Depends on where they live.

A few area communities require property owners to clear snow and ice from any adjacent public walkways, according to a survey conducted last year by the Metropolitan Area Planning Council. But many others have no shoveling regulations on the books.

In Newton, business owners are required to clear sidewalks, but residents are exempt. The city’s Board of Aldermen has spent this snowy season debating whether to change that.

“We need to achieve safety for our pedestrians in our community, and this is one very important step in that direction,’’ said Ward 6 Alderwoman at Large Victoria Danberg, lead sponsor of the revised shoveling ordinance. “My goal is not to punish anyone or penalize anyone.’’

Danberg’s proposal would give residents 30 hours after a snowfall to clear a 36-inch path in front of their houses. The ordinance originally sought a $50 ticket for violators, but supporters are pushing for a two-year trial period that provides for warnings rather than fines.

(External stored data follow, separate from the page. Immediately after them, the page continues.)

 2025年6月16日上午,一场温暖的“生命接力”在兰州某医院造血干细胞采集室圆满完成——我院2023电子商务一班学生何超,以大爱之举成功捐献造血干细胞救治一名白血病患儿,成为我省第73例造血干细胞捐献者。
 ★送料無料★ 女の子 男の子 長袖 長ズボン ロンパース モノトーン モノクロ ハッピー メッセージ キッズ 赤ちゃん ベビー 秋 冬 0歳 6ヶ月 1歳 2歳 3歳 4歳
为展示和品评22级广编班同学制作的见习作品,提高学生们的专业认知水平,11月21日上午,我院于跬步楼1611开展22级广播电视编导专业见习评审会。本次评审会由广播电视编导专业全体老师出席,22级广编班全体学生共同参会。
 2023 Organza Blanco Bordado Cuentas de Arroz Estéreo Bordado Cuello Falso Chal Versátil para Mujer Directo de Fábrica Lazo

Still, there hasn’t been a lot of traction for making things less slippery in Newton. The ordinance has been voted down by two committees. It’s before the board’s Finance Committee and could come before the full Board of Aldermen on Feb. 22.

Alicia Bowman, a Newton mother and pedestrian-safety advocate, said that without a requirement to shovel their walks, many Newton residents simply aren’t doing it.

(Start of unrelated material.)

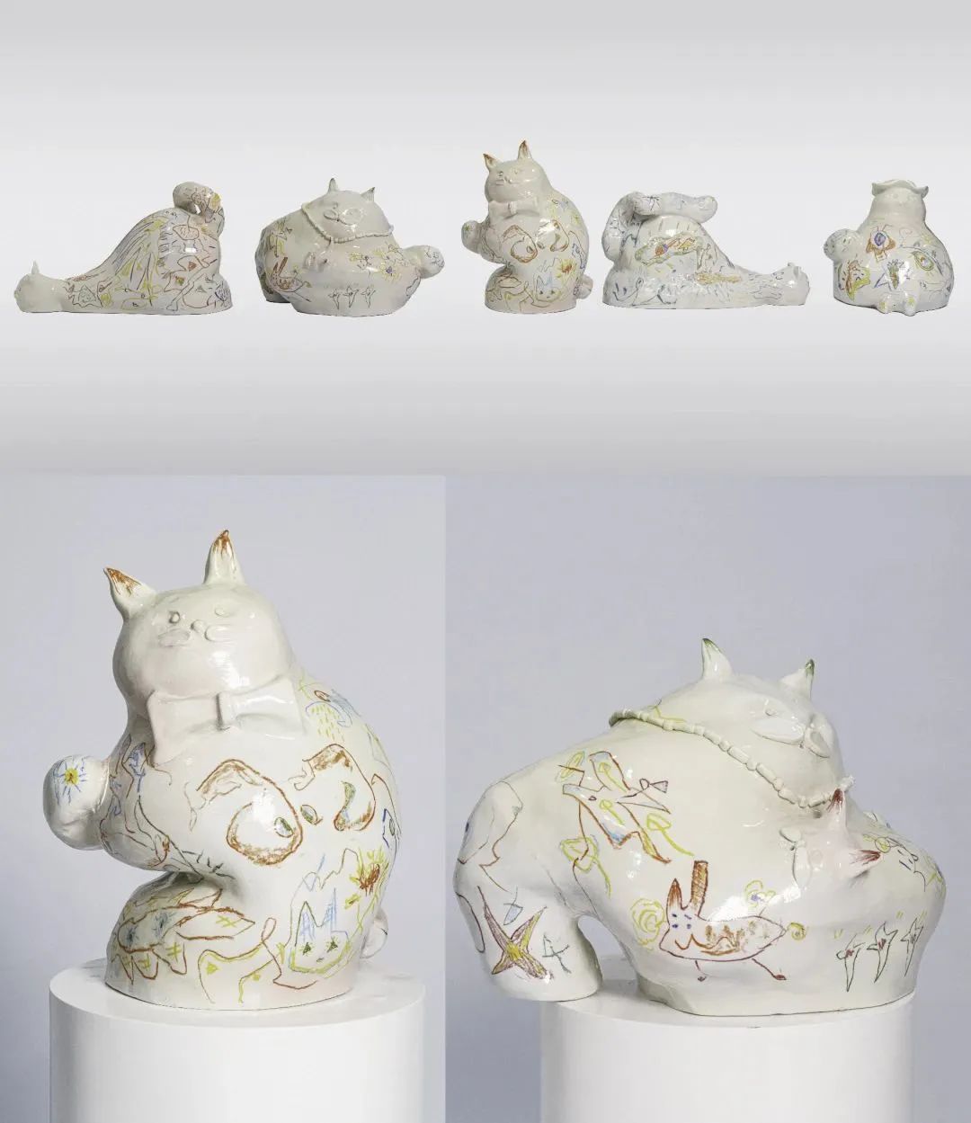 当今社会的快节奏使得人们的工作和心理压力不断变大;疫情下的社会人们深感生命的脆弱。宠物往往成为我们不良情感的解药,情绪性的绘画成为我们释放压力的一种方式。作品猫咪形象与陶瓷釉面装饰结合,探索符号背后的情感表现和真情实感,希望展现自身对缓解健康焦虑情绪,治愈心灵的人文关怀。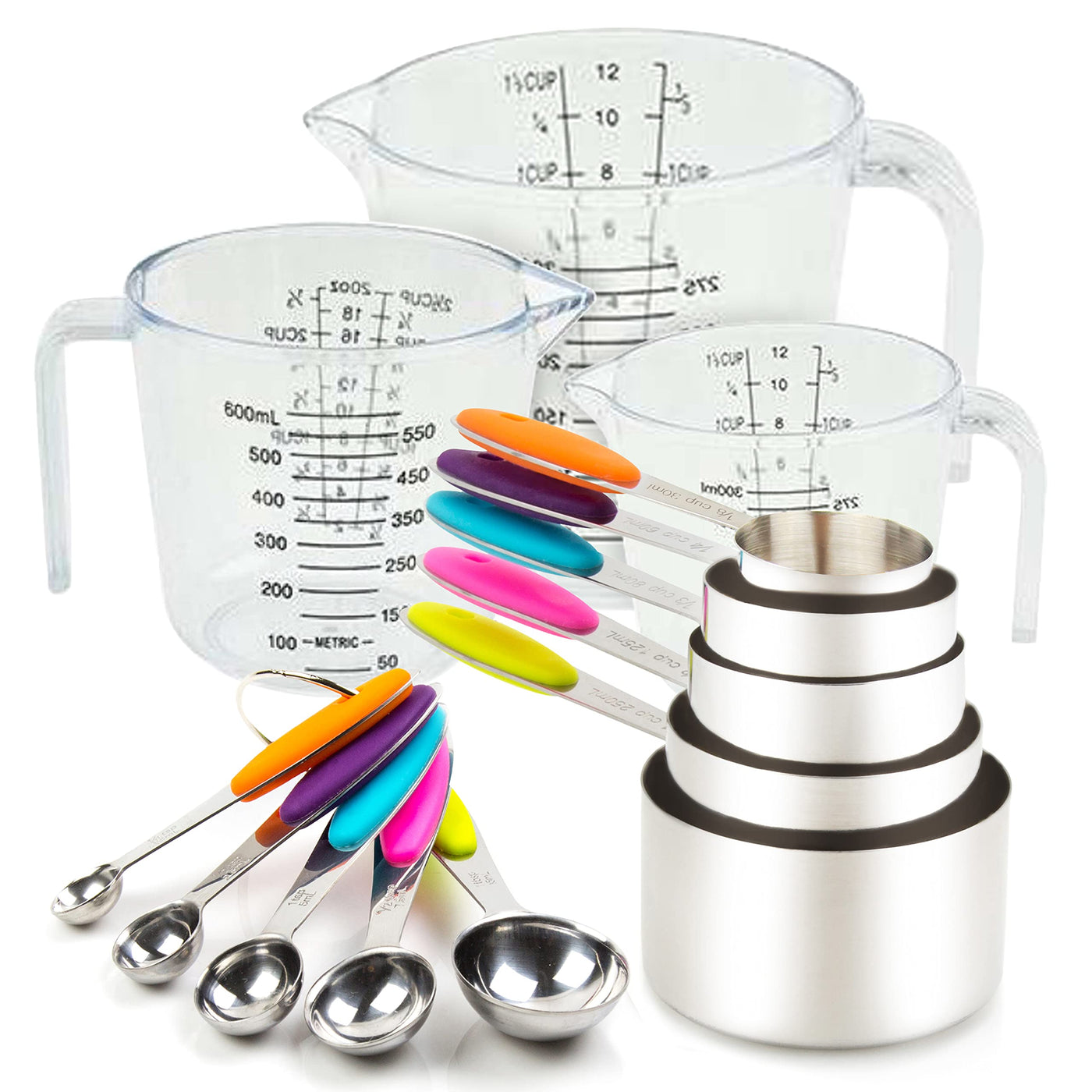 Measuring Cups and Spoons Set 13 Piece. Includes 10 Stainless Steel Measuring Spoons and Cups Set and 3 Plastic Measuring Cup. Liquid Measuring Cups Set and Dry Metal Measuring Cup Set

“You wouldn’t leave toys in the middle of the sidewalk for people to trip on,’’ Bowman said. “Why do we think it’s OK to leave the snow?’’

Weston is a community without shoveling rules, but Town Manager Donna VanderClock said it hasn’t become a controversial issue there, probably because not many children walk to school.

In Arlington, where shoveling has been required for more than a decade, officials say the policy creates few problems.

“For the amount of snow we’ve received, the compliance seems to be fair,’’ said Adam Chapdelaine, the deputy town manager.

“Our primary focus is to gain voluntary compliance,’’ said Police Chief Frederick Ryan. “It’s a little bit of trying to legislate being a good neighbor.’’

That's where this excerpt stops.